= Medical Support Officer =

The term Medical Support Officer is the name given to Commissioned Officers within the British Army's Royal Army Medical Corps (RAMC).

==General background==

The main role of the RAMC is to provide healthcare to the British Army in barracks and on operations, however leadership, command and control functions within the Corps are undertaken principally by Medical Support Officers. Professionally Qualified Officers (PQOs) within the RAMC, such as doctors, are in the Army to use their professional skills and as such are critical to the delivery of medical treatment. Leadership functions however rest with those officers who have gained a Commission either from attending the full Commissioning Course at the Royal Military Academy Sandhurst (RMAS), or outstanding soldiers Commissioning from the rank of Staff Sergeant who have attend the Late Entry Officers Course at the RMAS.

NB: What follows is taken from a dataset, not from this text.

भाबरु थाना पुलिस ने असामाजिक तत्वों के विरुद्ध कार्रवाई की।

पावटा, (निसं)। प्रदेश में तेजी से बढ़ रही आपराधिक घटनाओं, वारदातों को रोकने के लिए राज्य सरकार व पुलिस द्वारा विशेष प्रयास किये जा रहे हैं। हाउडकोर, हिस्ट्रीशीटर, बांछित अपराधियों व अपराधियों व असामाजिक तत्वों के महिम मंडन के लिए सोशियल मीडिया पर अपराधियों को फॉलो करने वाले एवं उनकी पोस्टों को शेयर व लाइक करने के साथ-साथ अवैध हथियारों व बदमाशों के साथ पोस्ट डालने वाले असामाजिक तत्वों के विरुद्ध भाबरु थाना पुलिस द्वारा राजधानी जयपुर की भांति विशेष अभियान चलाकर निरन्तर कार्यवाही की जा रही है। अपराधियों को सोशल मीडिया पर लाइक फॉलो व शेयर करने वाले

Commissioned officers within the RAMC who are professionally qualified are doctors, physiotherapists, pharmacists and environmental health officers. Although they pre-dominantly occupy clinical posts, they can assume senior non-clinical command roles such as Squadron Officer Commanding or Commanding Officer of a Regiment later in their careers should they complete the necessary Staff Officer qualifications.

==Role==

The role of the Medical Support Officer (MSO) is to undertake the command and control leadership functions within the Royal Army Medical Corps. They lead and motivate the troops under their command and possess the sense of responsibility necessary for leading higher ranking medical professionals in challenging circumstances.  Wherever the Army deploys, medical planning is always at the top of the agenda - MSOs are responsible for this highly important role.

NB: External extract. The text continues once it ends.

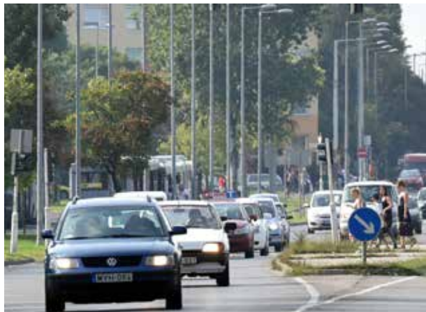
Rövidülő nappalok | Lakott területen is kapcsoljuk fel a fényszórót!

Bár még kellemes az idő, nyakunkon az ősz. Az évszakkal együtt az időjárás viszonyok is szép lassan megváltoznak, amelyek a nyárihoz képest másfajta vezetési stílust kívánnak.

MSOs will be required to deliver the Medical Recovery Plan for any possible casualties to the Commanding Officer and ensure they do not neglect medical constraints when delivering their own plans. This role requires a more mature approach to leadership and management than most other junior officer roles within the Army.  An MSO in their first appointment may find themselves leading medical teams on the ground in places such as Canada, Kenya and Cyprus. Uppermost they are responsible for managing and leading Combat Medical Technicians who deliver the frontline medical support to the Army.